John Carter (2012, 51%)
“Is it just me, or do we actually know how to do this better than live-action crews do?” Finding
Nemo director Andrew Stanton humbly pondered in a New Yorker piece during production
of John Carter (née Mars). Hopes were high for these Pixar directors to make good on breaking
free of the animation “ghetto” (Brad Bird made Mission: Impossible – Ghost Protocol the year before),
and rival executives were anticipating they’d be taken down a notch, especially for having the gall to adapt
something as difficult and weird as Edgar Rice Burroughs’ books. John Carter‘s anemic marketing and
failure to break past the Fresh barrier led to a cosmic box office bust.
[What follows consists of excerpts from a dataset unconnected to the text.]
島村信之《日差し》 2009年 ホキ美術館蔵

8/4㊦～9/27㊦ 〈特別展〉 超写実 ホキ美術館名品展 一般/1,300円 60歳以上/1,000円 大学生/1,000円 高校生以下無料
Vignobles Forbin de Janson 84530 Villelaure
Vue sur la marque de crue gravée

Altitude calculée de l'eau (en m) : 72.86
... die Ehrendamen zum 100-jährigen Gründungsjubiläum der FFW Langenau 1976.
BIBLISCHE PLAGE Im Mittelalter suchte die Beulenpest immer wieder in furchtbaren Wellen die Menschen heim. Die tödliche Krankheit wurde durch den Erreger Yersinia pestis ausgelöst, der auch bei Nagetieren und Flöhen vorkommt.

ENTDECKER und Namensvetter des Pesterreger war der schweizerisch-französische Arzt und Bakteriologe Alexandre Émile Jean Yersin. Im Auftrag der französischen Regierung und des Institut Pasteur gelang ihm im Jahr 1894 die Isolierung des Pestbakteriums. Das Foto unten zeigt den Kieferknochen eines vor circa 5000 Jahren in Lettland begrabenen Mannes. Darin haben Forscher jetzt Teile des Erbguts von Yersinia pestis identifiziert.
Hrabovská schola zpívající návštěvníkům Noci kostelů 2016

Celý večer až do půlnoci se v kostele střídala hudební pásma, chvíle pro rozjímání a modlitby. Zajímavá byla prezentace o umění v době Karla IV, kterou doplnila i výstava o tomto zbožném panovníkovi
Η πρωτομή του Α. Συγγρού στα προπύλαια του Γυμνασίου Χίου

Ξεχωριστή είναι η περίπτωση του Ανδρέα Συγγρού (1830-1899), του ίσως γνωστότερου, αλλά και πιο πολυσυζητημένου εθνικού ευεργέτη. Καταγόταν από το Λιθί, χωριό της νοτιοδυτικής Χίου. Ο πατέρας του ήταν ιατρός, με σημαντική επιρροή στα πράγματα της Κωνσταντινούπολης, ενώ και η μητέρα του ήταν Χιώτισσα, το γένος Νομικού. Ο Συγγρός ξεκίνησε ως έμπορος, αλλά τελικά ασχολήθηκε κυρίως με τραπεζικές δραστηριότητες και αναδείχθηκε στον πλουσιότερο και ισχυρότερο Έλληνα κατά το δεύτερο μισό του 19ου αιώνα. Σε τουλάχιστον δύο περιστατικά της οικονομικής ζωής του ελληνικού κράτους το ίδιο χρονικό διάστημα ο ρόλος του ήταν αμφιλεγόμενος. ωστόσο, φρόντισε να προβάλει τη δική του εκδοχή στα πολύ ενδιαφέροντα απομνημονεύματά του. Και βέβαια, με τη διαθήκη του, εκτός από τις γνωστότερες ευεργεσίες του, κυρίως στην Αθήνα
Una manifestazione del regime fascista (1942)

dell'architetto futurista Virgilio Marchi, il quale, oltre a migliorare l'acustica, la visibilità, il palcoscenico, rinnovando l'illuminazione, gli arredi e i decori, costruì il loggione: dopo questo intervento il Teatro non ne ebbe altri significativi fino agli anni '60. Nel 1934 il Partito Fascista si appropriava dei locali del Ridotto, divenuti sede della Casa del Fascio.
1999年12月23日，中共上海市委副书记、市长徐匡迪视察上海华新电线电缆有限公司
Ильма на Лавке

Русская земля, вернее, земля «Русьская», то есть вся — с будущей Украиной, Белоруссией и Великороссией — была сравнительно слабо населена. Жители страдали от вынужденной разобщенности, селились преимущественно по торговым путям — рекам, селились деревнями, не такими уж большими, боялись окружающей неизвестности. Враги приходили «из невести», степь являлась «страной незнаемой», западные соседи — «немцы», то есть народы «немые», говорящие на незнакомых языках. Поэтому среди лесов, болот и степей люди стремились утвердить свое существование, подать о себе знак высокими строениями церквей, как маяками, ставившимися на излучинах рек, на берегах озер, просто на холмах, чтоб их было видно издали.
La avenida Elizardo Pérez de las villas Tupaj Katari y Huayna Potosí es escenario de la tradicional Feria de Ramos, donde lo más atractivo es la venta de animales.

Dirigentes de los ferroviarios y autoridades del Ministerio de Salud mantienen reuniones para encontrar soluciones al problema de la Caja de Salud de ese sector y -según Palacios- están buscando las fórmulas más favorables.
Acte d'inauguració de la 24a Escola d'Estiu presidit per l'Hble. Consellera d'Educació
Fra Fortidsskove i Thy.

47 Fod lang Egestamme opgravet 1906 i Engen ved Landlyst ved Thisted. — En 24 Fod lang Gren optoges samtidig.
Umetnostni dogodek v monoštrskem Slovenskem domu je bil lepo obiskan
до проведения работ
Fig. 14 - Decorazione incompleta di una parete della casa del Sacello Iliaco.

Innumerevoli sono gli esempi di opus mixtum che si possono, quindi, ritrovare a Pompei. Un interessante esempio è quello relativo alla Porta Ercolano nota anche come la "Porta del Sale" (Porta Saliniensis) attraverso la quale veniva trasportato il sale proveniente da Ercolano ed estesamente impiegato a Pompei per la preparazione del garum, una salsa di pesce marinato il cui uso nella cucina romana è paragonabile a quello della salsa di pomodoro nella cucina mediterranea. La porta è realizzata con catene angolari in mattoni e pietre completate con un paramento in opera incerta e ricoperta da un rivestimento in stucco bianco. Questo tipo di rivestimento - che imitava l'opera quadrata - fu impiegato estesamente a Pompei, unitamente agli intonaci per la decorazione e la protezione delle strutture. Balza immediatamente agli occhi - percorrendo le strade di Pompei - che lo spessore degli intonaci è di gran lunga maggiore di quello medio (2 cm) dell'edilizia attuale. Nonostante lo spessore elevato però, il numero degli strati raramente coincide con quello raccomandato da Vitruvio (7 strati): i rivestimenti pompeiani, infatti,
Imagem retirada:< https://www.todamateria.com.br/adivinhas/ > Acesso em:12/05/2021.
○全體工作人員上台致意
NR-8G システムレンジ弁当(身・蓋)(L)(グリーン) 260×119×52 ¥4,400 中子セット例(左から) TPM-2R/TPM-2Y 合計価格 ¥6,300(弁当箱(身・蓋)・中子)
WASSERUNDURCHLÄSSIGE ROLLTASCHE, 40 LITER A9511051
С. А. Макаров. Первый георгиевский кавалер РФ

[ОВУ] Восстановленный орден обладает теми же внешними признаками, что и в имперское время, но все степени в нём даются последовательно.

Home on the Range (2004, 54$)
The year is 2004. It’s been 10 years since Walt Disney Animation’s last masterpiece, The Lion King. The
Pixar new wave had changed the industry, and traditional animation was on its way out. Home on the
Range was Disney’s attempt to match the high irreverence of 3D cartoons, which only alienated critics and
audiences. The studio produced only computer animation from there on, save for 2009’s The Princess and the
Frog, which, though Certified Fresh, would again fail to find a global audience.